#### [Exercise requirements]
The pictures stay out. Please retype every line below exactly.

#### [Data block]
-=-=-=-=-
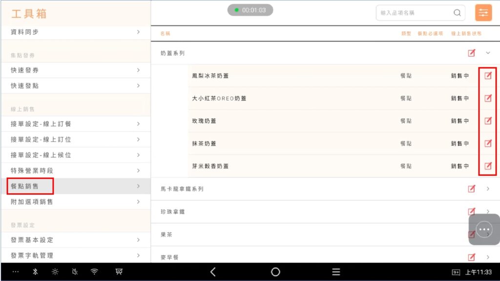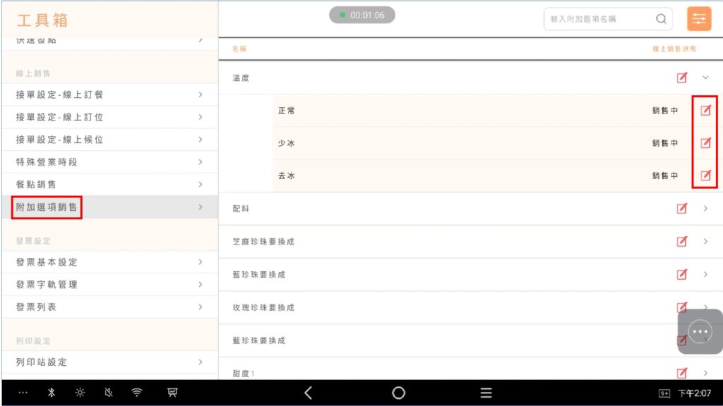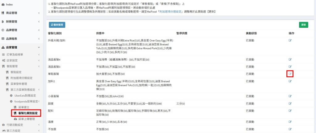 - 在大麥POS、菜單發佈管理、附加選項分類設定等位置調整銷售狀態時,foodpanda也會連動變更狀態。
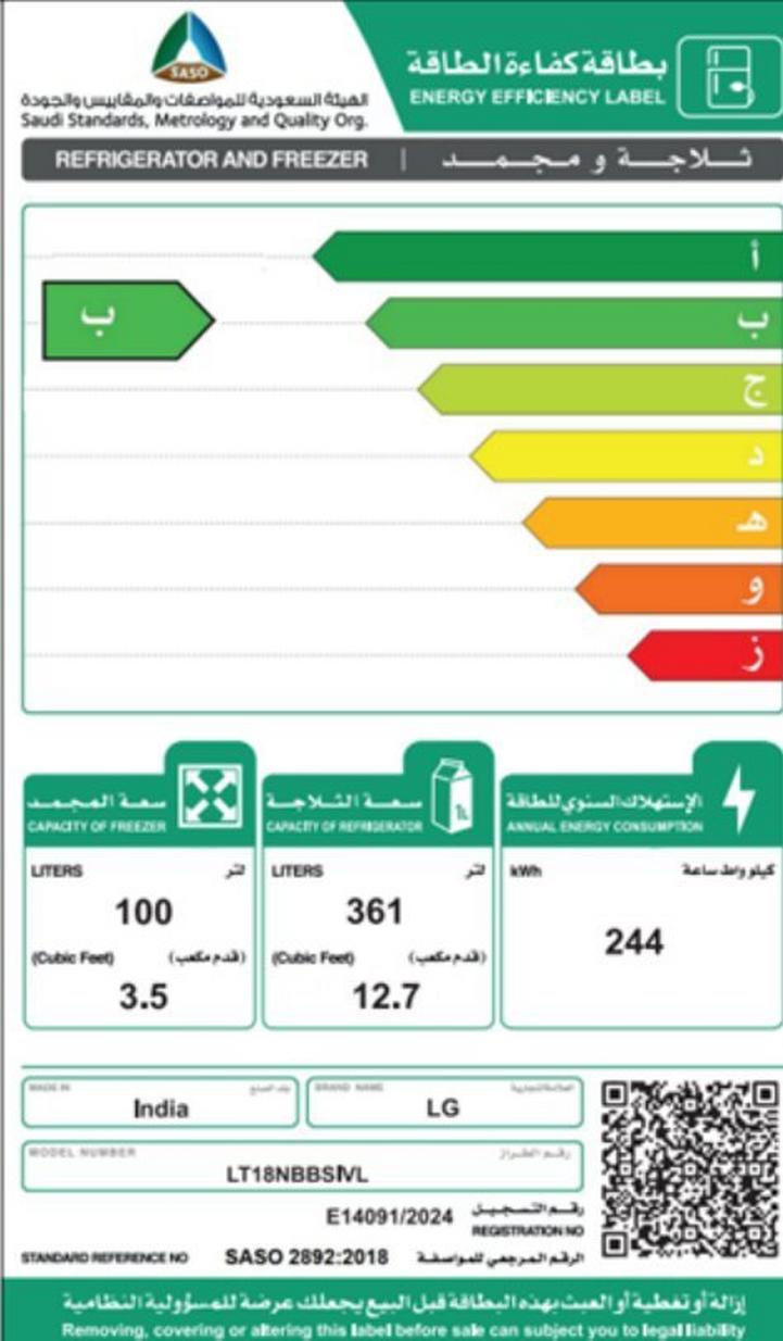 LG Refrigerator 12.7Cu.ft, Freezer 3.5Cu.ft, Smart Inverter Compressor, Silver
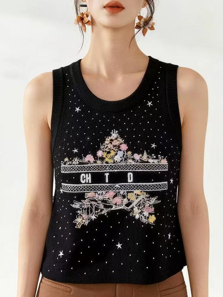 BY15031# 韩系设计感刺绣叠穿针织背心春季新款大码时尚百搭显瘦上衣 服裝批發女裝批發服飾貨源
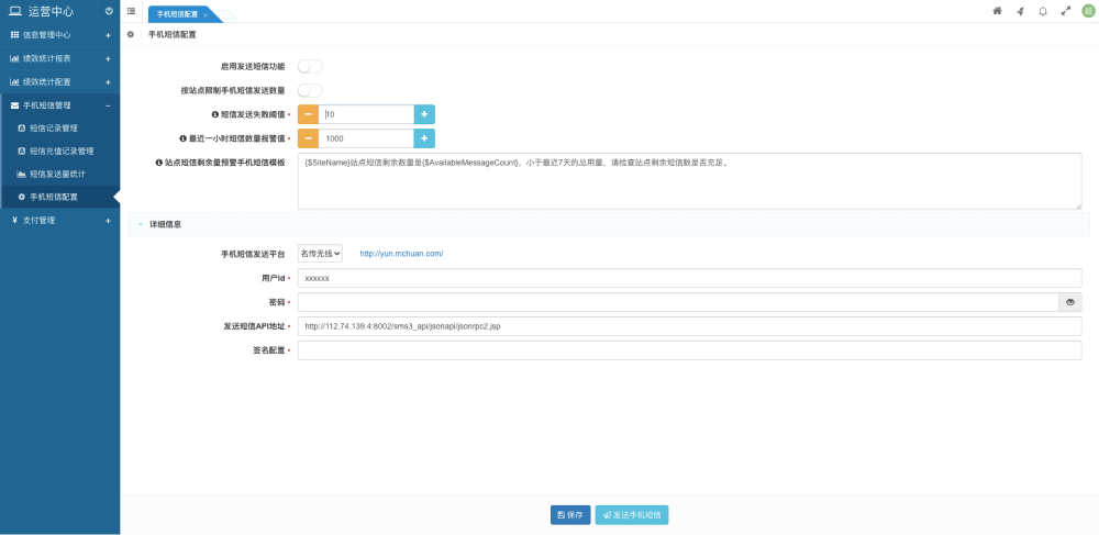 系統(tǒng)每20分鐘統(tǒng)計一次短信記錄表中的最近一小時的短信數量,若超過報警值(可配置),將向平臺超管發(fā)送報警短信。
-=-=-=-=-
#### [Answer space]
 - 在大麥POS、菜單發佈管理、附加選項分類設定等位置調整銷售狀態時,foodpanda也會連動變更狀態。
 LG Refrigerator 12.7Cu.ft, Freezer 3.5Cu.ft, Smart Inverter Compressor, Silver
 BY15031# 韩系设计感刺绣叠穿针织背心春季新款大码时尚百搭显瘦上衣 服裝批發女裝批發服飾貨源
 系統(tǒng)每20分鐘統(tǒng)計一次短信記錄表中的最近一小時的短信數量,若超過報警值(可配置),將向平臺超管發(fā)送報警短信。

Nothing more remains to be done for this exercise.